The Dark World Of Ian Fleming And James Bond

By Philip Gardiner, Kara Reynolds

Red Wheel/Weiser, LLC

Copyright © 2008 Philip Gardiner
All rights reserved.
ISBN: 978-1-60163-004-9

Contents

Copyright Page,
Title Page,
Introduction,
Chapter 1 - Ian Fleming, Part I: A Brief Biography,
Chapter 2 - The Bond Novels,
Chapter 3 - Ian Fleming, Part II: Early Influences,
Chapter 4 - Paracelsus and Gnosis,
Chapter 5 - The Lecture,
Chapter 6 - Ian Fleming , Part III: Occult Influences,
Chapter 7 - Religion , Philosophy , and Television,
Chapter 8 - A Bond Holiday,
Chapter 9 - Ian Fleming , Part IV: Spiritual Influences,
Chapter 10 - Influential People : In Depth,
Chapter 11 - The Bond Code in Names,
Appendix A - Terms,
Appendix B - Snakes and Serpents,
Appendix C - The Number 7,
Notes,
Bibliography,
About The Author,


CHAPTER 1

Ian Fleming, Part I: A Brief Biography


Ian Lancaster Fleming was born in Mayfair, London, to Valentine Fleming and Evelyn St. Croix-Rose Fleming on May 28, 1908. He died on August 12, 1964. His father was once a member of the British Parliament (he died in action in the Great War), and his mother descended from royal blood. His elder brother, Peter Fleming, would go on to become one of the world's most famous travel writers, and, before Bond became popular, Peter unintentionally eclipsed everything Ian did.

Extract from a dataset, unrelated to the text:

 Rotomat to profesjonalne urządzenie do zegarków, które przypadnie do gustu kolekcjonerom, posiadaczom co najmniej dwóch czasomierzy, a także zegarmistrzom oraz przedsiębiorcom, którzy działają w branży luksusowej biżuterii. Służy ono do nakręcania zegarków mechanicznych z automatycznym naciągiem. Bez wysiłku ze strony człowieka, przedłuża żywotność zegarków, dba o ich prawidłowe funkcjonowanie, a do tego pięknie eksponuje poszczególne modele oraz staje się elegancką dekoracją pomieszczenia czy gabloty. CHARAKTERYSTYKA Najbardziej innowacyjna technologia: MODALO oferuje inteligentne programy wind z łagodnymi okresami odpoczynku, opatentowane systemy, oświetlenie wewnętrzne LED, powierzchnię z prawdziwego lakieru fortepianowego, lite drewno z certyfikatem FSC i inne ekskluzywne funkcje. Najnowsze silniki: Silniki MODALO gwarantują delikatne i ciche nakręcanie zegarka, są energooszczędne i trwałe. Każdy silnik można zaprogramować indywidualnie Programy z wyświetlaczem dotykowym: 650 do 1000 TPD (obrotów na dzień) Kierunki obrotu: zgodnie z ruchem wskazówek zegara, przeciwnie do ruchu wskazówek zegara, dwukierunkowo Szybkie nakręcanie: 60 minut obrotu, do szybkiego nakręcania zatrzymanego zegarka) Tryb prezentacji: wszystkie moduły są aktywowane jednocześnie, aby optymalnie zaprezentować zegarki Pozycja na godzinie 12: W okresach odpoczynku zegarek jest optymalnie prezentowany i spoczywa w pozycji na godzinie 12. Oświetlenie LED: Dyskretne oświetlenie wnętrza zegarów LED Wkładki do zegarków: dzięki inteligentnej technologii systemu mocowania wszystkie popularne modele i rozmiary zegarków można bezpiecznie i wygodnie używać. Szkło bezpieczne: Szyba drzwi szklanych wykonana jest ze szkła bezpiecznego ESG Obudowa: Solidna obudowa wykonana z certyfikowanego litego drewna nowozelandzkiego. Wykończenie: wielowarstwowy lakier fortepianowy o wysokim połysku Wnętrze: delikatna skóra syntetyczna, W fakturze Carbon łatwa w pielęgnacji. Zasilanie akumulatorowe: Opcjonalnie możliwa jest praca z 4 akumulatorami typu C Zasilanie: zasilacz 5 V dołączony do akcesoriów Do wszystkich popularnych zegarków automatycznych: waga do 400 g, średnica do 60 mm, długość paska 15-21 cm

Ian Fleming was born into the class of Englishmen for whom every option is open, and yet he managed to single-handedly close them down. The Fleming family was wealthy, not least because his grandfather, Robert Fleming, was a successful Scottish banker — the family company being sold for $7 billion. However, Valentine Fleming's will and testament stipulated that Evelyn would only retain the family wealth so long as she never remarried, and this caused ongoing family issues throughout Ian's life. Another issue was the ghost of his father as the erudite parliamentarian and war hero. Ian Fleming grew from the age of 8 without his father and under the dominance of his overbearing mother. The children used to say prayers and ask God that they be as good as their father. Unfortunately, Ian Fleming could not live up to these ideals, and failed to be both a parliamentarian, which he did once run for, and an action war hero. On the other hand, his brother, Peter, succeeded, and indeed excelled in everything he did, from sports to writing and even the role of all-action war hero.

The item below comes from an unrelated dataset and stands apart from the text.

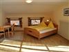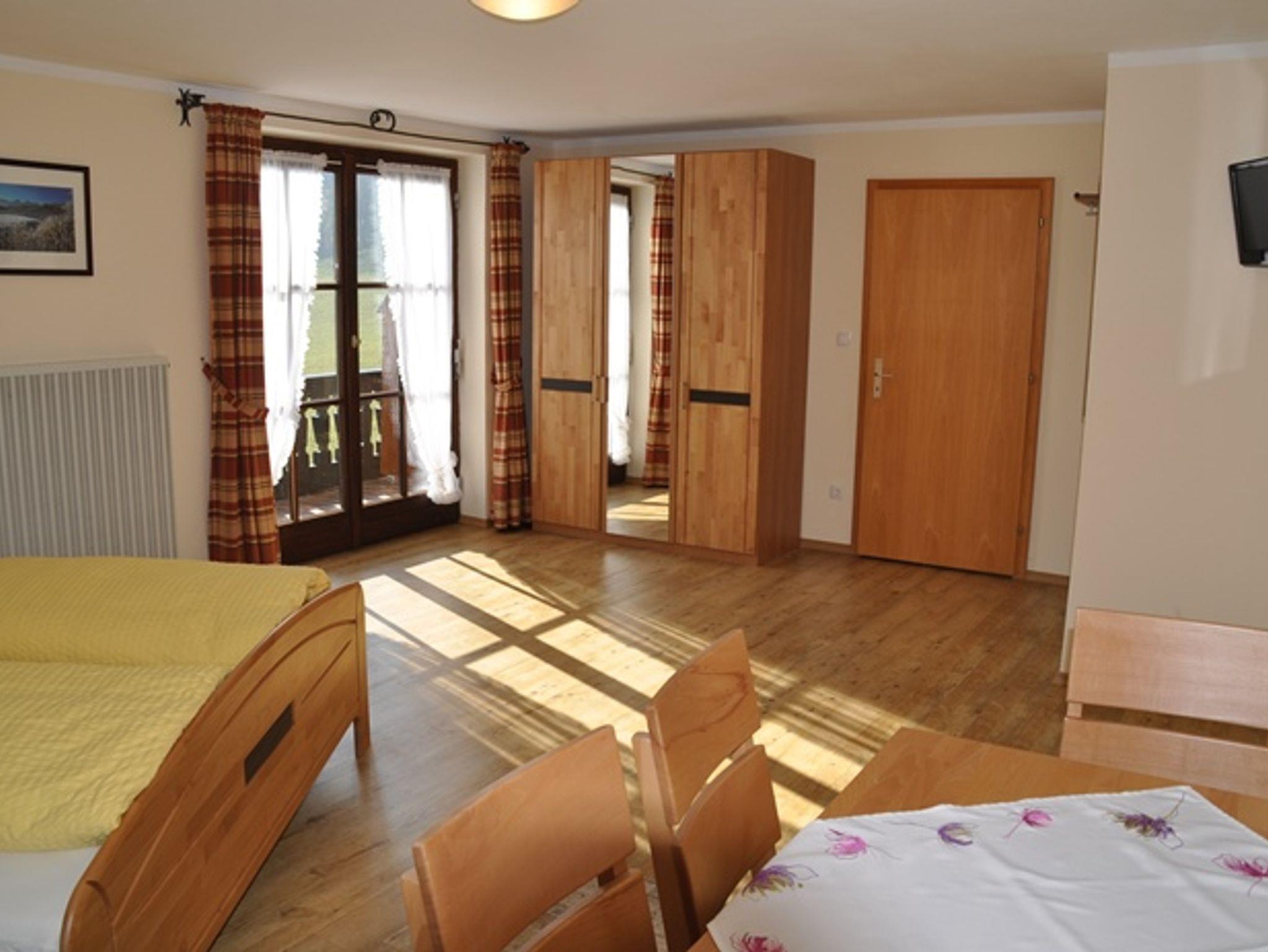 Doppelzimmer/ Familienzimmer für vier Personen - Unser neugestaltetes und geräumiges Doppelzimmer/Familienzimmer mit ca. 45 qm, bietet für vier Personen genügend Wohnfläche. Das Zimmer hat einen großzügigen, kombinierten Wohn- Schlafbereich mit Sitzgelegenheit und Flachbildschirm. Im Raum daneben befinden sich noch zwei weitere getrennte Betten als Schlafmöglichkeit. Das freundliche, großzügige Badezimmer ist mit Dusche/WC ausgestattet. Vom Wohn- Schlafbereich aus können Sie den eigenen, abgetrennten Balkon nutzen und die Berglandschaft in der Morgensonne genießen. Ebenso können Sie auf derselben Etage eine komplett ausgestattete Küche nutzen. Kostenfreies WLAN.

Ian Fleming's education at Eton didn't go as well as his elders brother's extraordinary success, so he was moved to a "more convenient" situation at the Royal Military Academy at Sandhurst, although he had won Victor Ludorum (Latin for "Winner of Games") at Eton two years running. To the annoyance of his mother, he didn't much take to Sandhurst, so she sent him abroad to "learn languages." He went to Austria, where he spent time at Kitzbuhel with the Adlerian disciple Forbes Dennis and his American wife, Phyllis Bottome. The cover story was that he went to improve his German and other languages, but it was really an attempt to fix this troublesome teenager. Following his time in Austria, he moved on and eventually disappointed everybody by finding a job as a sub-editor and journalist at the Reuters news agency. Later on he also worked as a stockbroker with Rowe and Pitman in Bishopsgate. At this time he took up residence in Belgravia, at 22B Ebury Street, to be exact, where he spent his time entertaining friends at dinner parties. He attempted to live the high life without the financial means, and he always seemed to offer up a façade that fooled everybody. Inside himself, he was bored. The stock market offered no great excitement, and he obviously envied his globe-trotting journalistic brother. He collected books and started to grow an extensive network of friends that would prove useful for his future life as a novelist, not least because they gave him a list of characters from which to choose.

Friends in the foreign office arranged for an exciting excursion for the young Fleming in 1939, and sent him off to Russia under the auspices of reporting for the Times newspaper. In fact, he was spying for the foreign office the whole time, and other journalists spotted the ruse but remained quiet.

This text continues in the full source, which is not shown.